Me hacía una pregunta. Siempre me ponía una pregunta a la altura. Una pregunta que me hacía más alto. Yo lo notaba. Cómo crecía. Aunque nunca tuviera. Aunque nunca acertara la respuesta. Mi hermano mayor -él creía que jugando- siempre me perturbaba con alguna de sus preguntas. Por ejemplo. A que no sabes cómo se llama un cabo muy grande que hay al sur de África. Muy ufano me espetaba que él sí. Que él sí que lo sabía. Porque se lo acababan de explicar -de explicar…- en el cole. En su clase. Que era, claro, la de los mayores. Yo, aturdido, saltando mi ignorancia de un pie a otro, ni siquiera sabía qué fuera un cabo -un soldado no era, eso seguro- ni qué fuera África. Aunque notaba que crecía, que crecía con la pregunta, mi conturbación era tan grande como mi rabia. Mi hermano mayor, conmiserativo, entonces, indefectiblemente me regalaba una pista. Te voy a dar una pista, sonreía. Empieza por E y termina por A. Yo me estrujaba los sesos que, como dedos, se me habían caído a los bolsillos de los pantalones. Y, humillado, le respondía que no. Que no lo sabía. Que ni aun así lo sabía. Ni aun con la pista de las vocales inicial y final. Llegados a este punto, mi hermano, disfrutando dolorosamente, inquiría, me inquiría: ¿errendi? Lo que, en nuestra jerga infantil y secreta, equivalía a un demoledor ¿te rindes? Yo me debatía entre mí mismo, rebelde a la derrota, hasta que, en un alarde de fragilidad, muy bajito, susurraba que sí. Que me rendía. Y ahí la edad de mi hermano mayor se engallaba chillando: ¡Esperanza, el cabo de Buena Esperanza!

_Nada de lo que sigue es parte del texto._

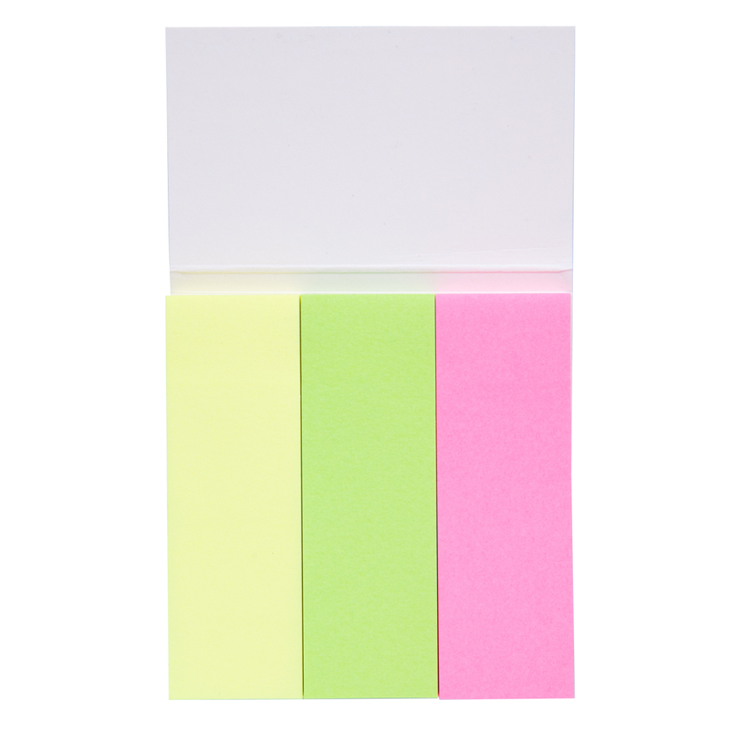 Набор бумажных клейких закладок неон. В упаковке 3 цвета по 50 листов каждого. Цвета: зеленый, розовый, желтый. Размеры: 76*25 мм. Закладки клейкие, могут служить пометками в документах, использоваться для записи краткой информации, для выделения текста. Легко удаляются, не оставляя следов и не повреждая бумагу. Клейкость: акриловая эмульсия на водной основе 21 Н/м.

Hoy, muchos años después, ya no hay hermano mayor. Yo soy, insuficiente, mi propio hermano grande. Cuánto daría por mantenerlo. Por mantenerme el pequeño. Persiste, sin embargo, la pregunta. No aquélla, claro. Sino otra. La pregunta. Que no me eleva. Que me perturba implacablemente. No hay, tampoco, colegio donde me la puedan explicar. Explicar… Ni hay, tampoco, pistas sobre su resolución. Así, vivo derrotado. Sin ella. Como el hierro, como el yerro, férreamente rendido. Sí. Rendido. Sin ella. Lejos. Indeciblemente lejos, al cabo, de la buena esperanza.